An agent that remembers everything is an agent that recalls badly.
The intuition runs against most engineering instincts. Storage is cheap, the thinking goes; just keep it all. Eviction is something to figure out later, after the system is in production. By then, the system that "remembers everything" is the system that produces stale answers, contradictory facts, and irrelevant retrievals.
Forgetting is its own design problem, not a side-effect of storage limits. The systems that handle it deliberately are the ones that scale.
Forgetting is not a side effect of storage
Most teams hit the forgetting question accidentally. Disk fills up, the vector index gets slow, retrieval latency creeps from 80ms to 300ms, and someone proposes a TTL job to drop old rows. Forgetting then arrives as an infrastructure concern rather than a memory-quality concern.
That framing misses the real problem. A memory system gets worse at recall as it grows even when storage is unlimited and retrieval is fast. The reason is interference. Every additional fact in the index is another candidate to surface during a top-k search, and most of those candidates are noise relative to the current turn.
An agent's recall quality is bounded not by what it can store but by how well it can suppress everything irrelevant.
Treat forgetting as a recall-quality intervention, not a storage one. The right question is not "which entries can we afford to drop," it is "which entries are crowding the active surface so much that the right answer cannot rise to the top."

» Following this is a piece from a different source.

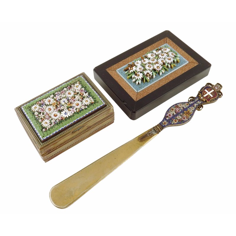 An Italian micromosaic paperweight, inlaid with a central panel of flowers, a gilt metal box, the hinged lid inlaid with a panel of flowers, together with a gilt metal paper knife, the handle decorated with flowers and with a coat of arms for Lugano, late 19th / early 20th century, 20.5cm (max). (3)

What cognitive science already knew
Hermann Ebbinghaus ran the first systematic forgetting experiments between 1880 and 1885. He memorized lists of nonsense syllables, then re-tested himself at varied intervals to map how much had survived. The resulting forgetting curve dropped sharply in the first hours and flattened into a long tail.
The takeaway most often quoted is that humans halve their memory of newly learned material within days unless they review it. The more interesting finding is that each repetition lengthens the optimum interval before the next review is needed. Reinforcement does not just refresh a memory; it changes the schedule.

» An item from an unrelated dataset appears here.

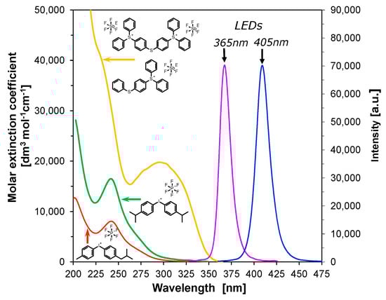 Comparison of absorption spectra of common cationic photoinitiators with emission spectra of 365 nm UV-A LED and visible LED at 405 nm.

A century later, Robert Bjork sharpened the theory. In what he and Elizabeth Bjork called the New Theory of Disuse, they distinguished two indices of a memory: storage strength, which is how well a memory is laid down, and retrieval strength, which is how easily it can be accessed right now. Storage strength does not decay. Retrieval strength does, and that decay is adaptive rather than accidental.
If every stored item were equally and permanently accessible, the memory system would be paralyzed by interference. Lowering retrieval strength of infrequently used items is the way the brain stays usable.
That sentence reads like an architecture review for a vector store. The brain solves the interference problem by making rarely-used items harder to recall, not by deleting them. Production memory systems can mirror that behavior using relevance-score decay, where access resets the score and disuse lowers it.

Memory consolidation adds the other half of the picture. Newly encoded experiences live, in cognitive-science terms, in the hippocampus. Over hours, days, and years, they reorganize across cortical networks. The richness of the original episode is often lost. What remains is a semantic version of the event, depersonalized and compressed.
For an agent builder, consolidation is essentially summarization plus deduplication. Raw turn-level history is the equivalent of fresh hippocampal traces. The user-level memory store is the cortical version. Moving a fact from the first store to the second is not just a copy operation. It is an editorial decision about what to keep and in what shape.
The four eviction strategies

Age-based / TTL
The simplest. Drop entries older than N days regardless of how often they have been accessed. The cognitive analogue of trace decay.
TTL still earns its place in production. It is the right tool for legally constrained data, where retention windows are imposed by policy rather than recall quality. A user's prior support ticket from three years ago might still be useful, but if the privacy policy promises eighteen-month retention, TTL is the mechanism that enforces it.
The failure mode is obvious. A pure TTL policy will eventually drop a fact that was both old and still true. A user's allergy, a child's name, a workspace's billing structure. None of these should age out on a fixed schedule.
LRU / recency
Drop entries unused for N days. Each access resets the clock. This is the closest analogue to Bjork's retrieval-strength decay.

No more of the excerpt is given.